Out of the shadows of the night the PHOENIX rises from the ashes of the past to stretch his wings and glide across vast lands no soul has ever seen or known
To celebrate our first 27 releases on Section 27 Netlabel, we proudly present to you "Sectioned", a free compilation of 27 tracks, amounting to 2 hours across two discs of twisted electronic beats, discordant melodies, haunting passages, broken ambience, bending senses of time and space, microscopic glitches, pounding bass frequencies, sounds between sounds, the human voice and the audible sensation of music dissolving in acid. This is the sound of your mind's eye. This is the sound of the Sectioned... Strap yourself in and enjoy the experience.
Also features a 75 minute bonus disc "Sectioned : Nonimxs", including 9 remixes of selected Section 27 artists by Nonima and 2 original tracks created by Silent Snow and Nina Kardec using existing Nonima tracks.

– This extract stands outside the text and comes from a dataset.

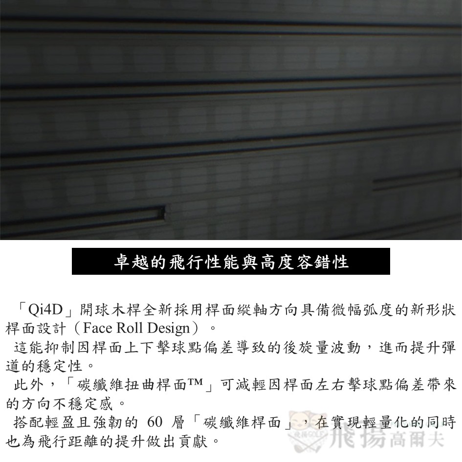 速度的新定義。泰勒梅(TaylorMade)面對其品牌 DNA 中的「飛行性能」,為了追求極致速度而開發出「Qi4D」開球木桿。透過進化的第五代「碳纖維桿面」,不僅提升了飛行距離,更優化了後旋量。此外,進化的球頭形狀可有效降低空氣阻力,進一步提升揮桿速度。除了提供支援各類球員飛行需求的四款型號,再搭配全新的「REAX」桿身,讓您飛行的可能性無限延伸。

Download and Audio previews available at : http://section27netlabel.blogspot.com
Check out the new tasters off the EP titled "Fix Me" and the album titled "E-Li" by E-Li. You can download the tracks off the EP "Fix Me" at www.downloadmusic.ie/e-li
you can get on our Viral Compilation CD and get 1000 plays/views and 300+ Radio Station Blasts via Capacity Productions all for only 25 bucks!!!! (for a limited time)

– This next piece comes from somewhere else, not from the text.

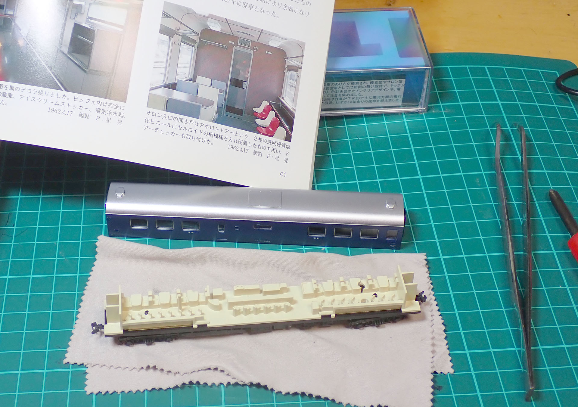 この構造の室内灯は、バネと床下の集電部との接触が命で、微妙な塩梅で室内灯がつかなくなったりします。うまく点灯した状態でそのままボディをかぶせておきました。

Real entertainment commentary with urban flare! The Protege Podcast http://protegepodcast.podOmatic.com RSS Feed http://protegepodcast.podOmatic.com/rss2.xml
Hi guys, Ive just topped 100,000 plays on www.numberonemusic.com/jamessullivan after only being on the site for 5 months. Tnx for all of your support. I'm one step closer to reaching my goal of reaching the wider world with my music. James.
Almost Tomorrow is the third full length collaboration album from Section 27 Netlabel founders Tam Ferrans and Andrew Paterson, under their Nonima & theAudiologist guise. This time around the sound is more melodic, and has a definite feeling of a complete and more mature sound than heard on the previous LP's "Dystopian Battle Hymns" and "Ceremony After Amputation". If you are familiar with their individual projects you may even be in for a slight surprise, as the tracks are not as beat driven like before, but are more atmospheric and sound, well... "bigger". In its 75 minutes, Almost Tomorrow takes you on a trip from the digital rain-soaked cavernous scraping in "Thoughtograph", the ethereal beat jittering of "The Colour of Rain", intercepted transmissions from unknown places in "Com-Intercept", "Ganzfeld"s huge yet strangely insect-like beats until everything you knew comes crashing around you in "Almost Tomorrow". Burning pianos, glitched out soundscapes and intricately programmed beatplay, this may well be their best work to date. Consider it the soundtrack to a rainy overcastday, but with just that glimmer of sunshine peeking from the clouds. "Almost Tomorrow" wears its heart on its sleeve.
Thank you for adding me to your list of friends. I really appreciate it. My current project is a fiction novel with CD soundtrack due out this fall. Wishing you continued success and a wonderful musical and happy weekend.